[Source data]

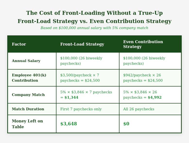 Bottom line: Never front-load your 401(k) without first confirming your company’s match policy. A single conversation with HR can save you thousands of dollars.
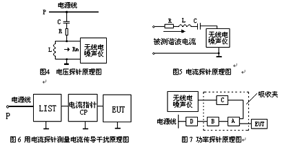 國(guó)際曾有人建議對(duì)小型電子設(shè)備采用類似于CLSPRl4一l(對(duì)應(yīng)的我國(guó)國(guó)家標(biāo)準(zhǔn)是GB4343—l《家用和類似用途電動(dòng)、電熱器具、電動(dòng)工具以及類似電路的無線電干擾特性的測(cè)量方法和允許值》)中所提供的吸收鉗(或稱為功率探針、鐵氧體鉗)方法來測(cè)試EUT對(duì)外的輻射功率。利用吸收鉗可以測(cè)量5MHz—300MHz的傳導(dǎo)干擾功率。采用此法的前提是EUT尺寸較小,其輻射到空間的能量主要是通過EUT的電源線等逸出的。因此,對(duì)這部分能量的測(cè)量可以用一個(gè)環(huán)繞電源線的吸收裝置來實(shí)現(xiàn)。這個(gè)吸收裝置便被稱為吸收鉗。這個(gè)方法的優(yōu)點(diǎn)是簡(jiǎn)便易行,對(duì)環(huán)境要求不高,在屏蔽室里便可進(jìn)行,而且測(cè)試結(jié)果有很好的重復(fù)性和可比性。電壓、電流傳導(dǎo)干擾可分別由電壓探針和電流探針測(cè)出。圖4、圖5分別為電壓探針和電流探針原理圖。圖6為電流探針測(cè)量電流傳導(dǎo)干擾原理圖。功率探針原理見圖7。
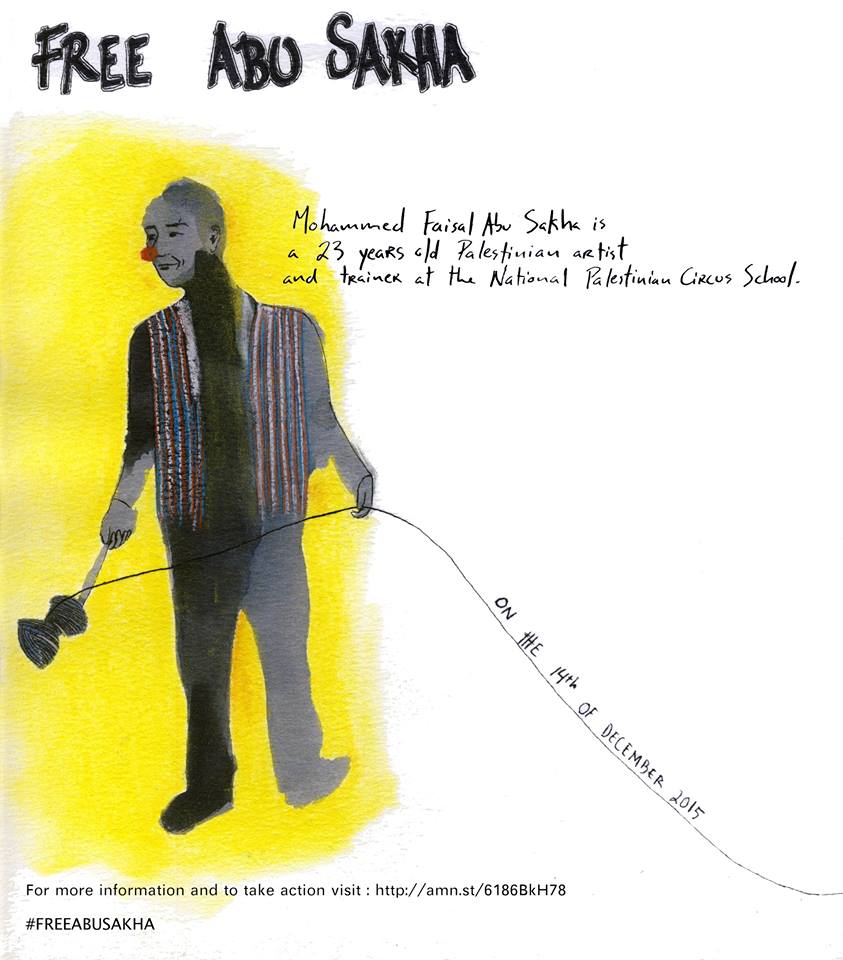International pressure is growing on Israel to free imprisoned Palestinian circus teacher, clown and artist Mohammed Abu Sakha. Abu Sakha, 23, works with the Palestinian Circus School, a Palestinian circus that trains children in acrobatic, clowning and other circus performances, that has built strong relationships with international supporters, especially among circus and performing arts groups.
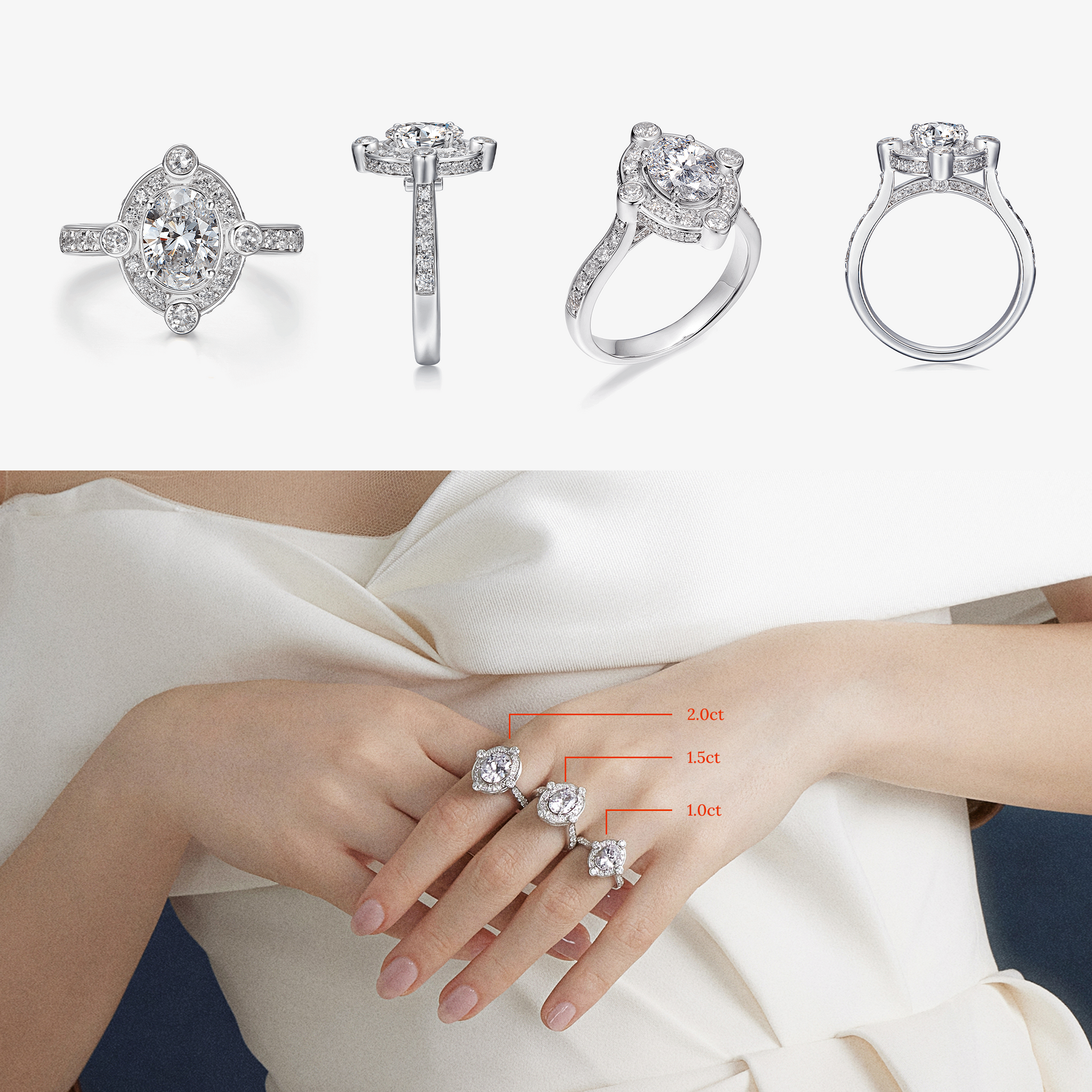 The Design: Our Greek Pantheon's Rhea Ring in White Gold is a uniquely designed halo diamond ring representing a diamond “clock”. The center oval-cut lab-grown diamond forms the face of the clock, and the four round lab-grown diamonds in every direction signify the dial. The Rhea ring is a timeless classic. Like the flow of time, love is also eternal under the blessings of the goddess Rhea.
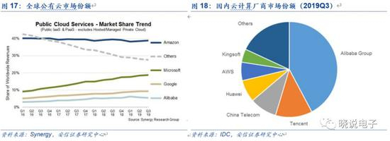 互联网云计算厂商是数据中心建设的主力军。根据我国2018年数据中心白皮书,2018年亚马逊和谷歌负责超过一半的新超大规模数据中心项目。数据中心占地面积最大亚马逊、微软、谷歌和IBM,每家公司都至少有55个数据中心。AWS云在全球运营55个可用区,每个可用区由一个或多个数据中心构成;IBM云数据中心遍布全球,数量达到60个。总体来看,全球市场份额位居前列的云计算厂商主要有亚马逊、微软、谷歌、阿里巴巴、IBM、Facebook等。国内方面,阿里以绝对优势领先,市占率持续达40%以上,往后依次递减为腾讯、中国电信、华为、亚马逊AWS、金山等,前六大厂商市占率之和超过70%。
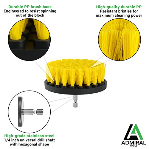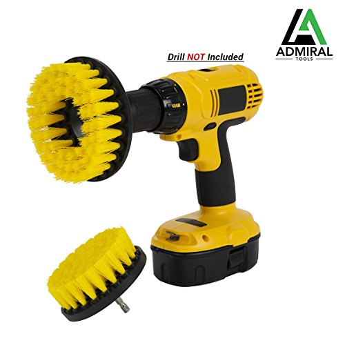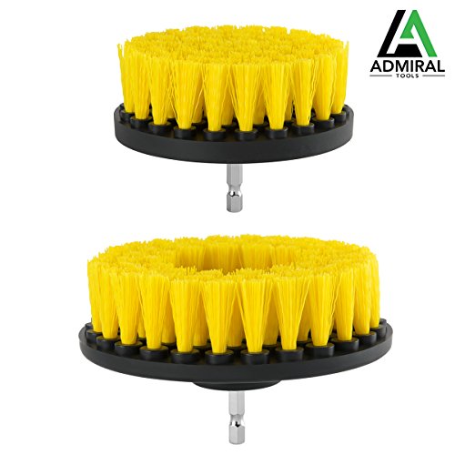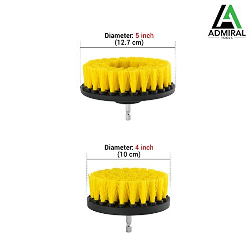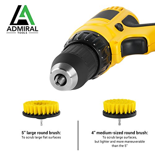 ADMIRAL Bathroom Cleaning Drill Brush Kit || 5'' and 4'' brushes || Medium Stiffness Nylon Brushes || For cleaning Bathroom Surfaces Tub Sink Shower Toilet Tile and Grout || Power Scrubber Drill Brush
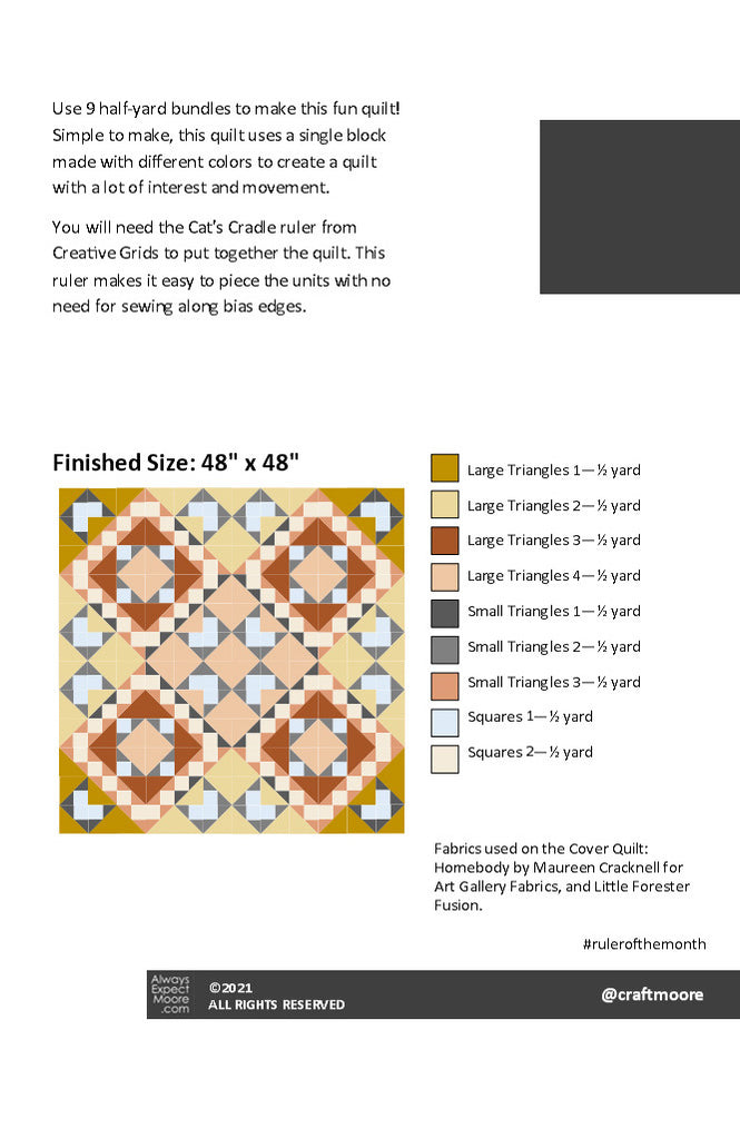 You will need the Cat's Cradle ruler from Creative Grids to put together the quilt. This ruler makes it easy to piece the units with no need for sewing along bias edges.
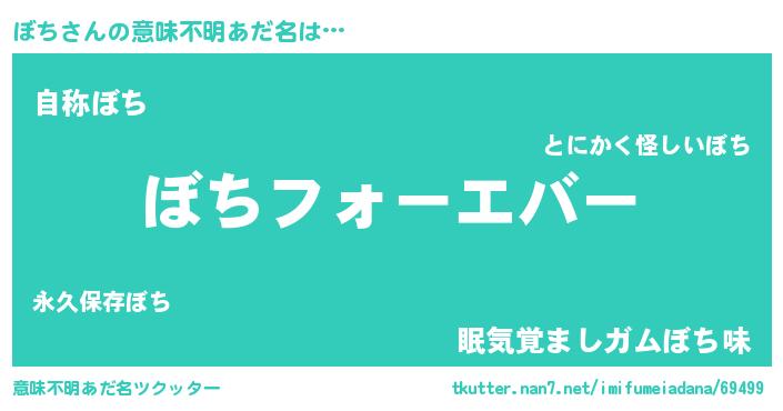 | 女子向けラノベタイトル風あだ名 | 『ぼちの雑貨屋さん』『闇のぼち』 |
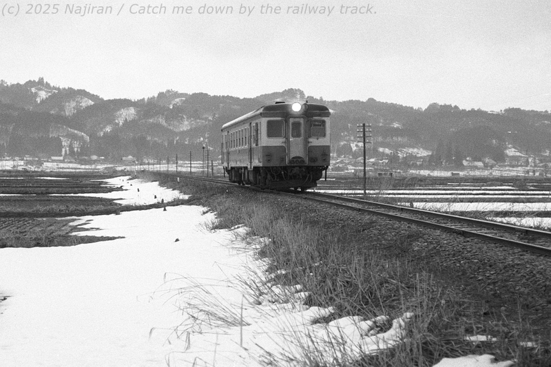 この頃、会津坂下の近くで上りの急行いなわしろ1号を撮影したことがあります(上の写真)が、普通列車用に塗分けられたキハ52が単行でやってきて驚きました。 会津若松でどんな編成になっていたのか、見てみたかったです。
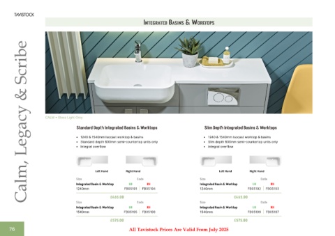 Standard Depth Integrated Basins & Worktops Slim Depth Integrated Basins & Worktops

TASK STATEMENT
The records above are to be copied exactly, with no pictures carried over.

RESPONSE TO THE TASK
 Bottom line: Never front-load your 401(k) without first confirming your company’s match policy. A single conversation with HR can save you thousands of dollars.
 國(guó)際曾有人建議對(duì)小型電子設(shè)備采用類似于CLSPRl4一l(對(duì)應(yīng)的我國(guó)國(guó)家標(biāo)準(zhǔn)是GB4343—l《家用和類似用途電動(dòng)、電熱器具、電動(dòng)工具以及類似電路的無線電干擾特性的測(cè)量方法和允許值》)中所提供的吸收鉗(或稱為功率探針、鐵氧體鉗)方法來測(cè)試EUT對(duì)外的輻射功率。利用吸收鉗可以測(cè)量5MHz—300MHz的傳導(dǎo)干擾功率。采用此法的前提是EUT尺寸較小,其輻射到空間的能量主要是通過EUT的電源線等逸出的。因此,對(duì)這部分能量的測(cè)量可以用一個(gè)環(huán)繞電源線的吸收裝置來實(shí)現(xiàn)。這個(gè)吸收裝置便被稱為吸收鉗。這個(gè)方法的優(yōu)點(diǎn)是簡(jiǎn)便易行,對(duì)環(huán)境要求不高,在屏蔽室里便可進(jìn)行,而且測(cè)試結(jié)果有很好的重復(fù)性和可比性。電壓、電流傳導(dǎo)干擾可分別由電壓探針和電流探針測(cè)出。圖4、圖5分別為電壓探針和電流探針原理圖。圖6為電流探針測(cè)量電流傳導(dǎo)干擾原理圖。功率探針原理見圖7。
International pressure is growing on Israel to free imprisoned Palestinian circus teacher, clown and artist Mohammed Abu Sakha. Abu Sakha, 23, works with the Palestinian Circus School, a Palestinian circus that trains children in acrobatic, clowning and other circus performances, that has built strong relationships with international supporters, especially among circus and performing arts groups.
 The Design: Our Greek Pantheon's Rhea Ring in White Gold is a uniquely designed halo diamond ring representing a diamond “clock”. The center oval-cut lab-grown diamond forms the face of the clock, and the four round lab-grown diamonds in every direction signify the dial. The Rhea ring is a timeless classic. Like the flow of time, love is also eternal under the blessings of the goddess Rhea.
 互联网云计算厂商是数据中心建设的主力军。根据我国2018年数据中心白皮书,2018年亚马逊和谷歌负责超过一半的新超大规模数据中心项目。数据中心占地面积最大亚马逊、微软、谷歌和IBM,每家公司都至少有55个数据中心。AWS云在全球运营55个可用区,每个可用区由一个或多个数据中心构成;IBM云数据中心遍布全球,数量达到60个。总体来看,全球市场份额位居前列的云计算厂商主要有亚马逊、微软、谷歌、阿里巴巴、IBM、Facebook等。国内方面,阿里以绝对优势领先,市占率持续达40%以上,往后依次递减为腾讯、中国电信、华为、亚马逊AWS、金山等,前六大厂商市占率之和超过70%。
 ADMIRAL Bathroom Cleaning Drill Brush Kit || 5'' and 4'' brushes || Medium Stiffness Nylon Brushes || For cleaning Bathroom Surfaces Tub Sink Shower Toilet Tile and Grout || Power Scrubber Drill Brush
 You will need the Cat's Cradle ruler from Creative Grids to put together the quilt. This ruler makes it easy to piece the units with no need for sewing along bias edges.
 | 女子向けラノベタイトル風あだ名 | 『ぼちの雑貨屋さん』『闇のぼち』 |
 この頃、会津坂下の近くで上りの急行いなわしろ1号を撮影したことがあります(上の写真)が、普通列車用に塗分けられたキハ52が単行でやってきて驚きました。 会津若松でどんな編成になっていたのか、見てみたかったです。
 Standard Depth Integrated Basins & Worktops Slim Depth Integrated Basins & Worktops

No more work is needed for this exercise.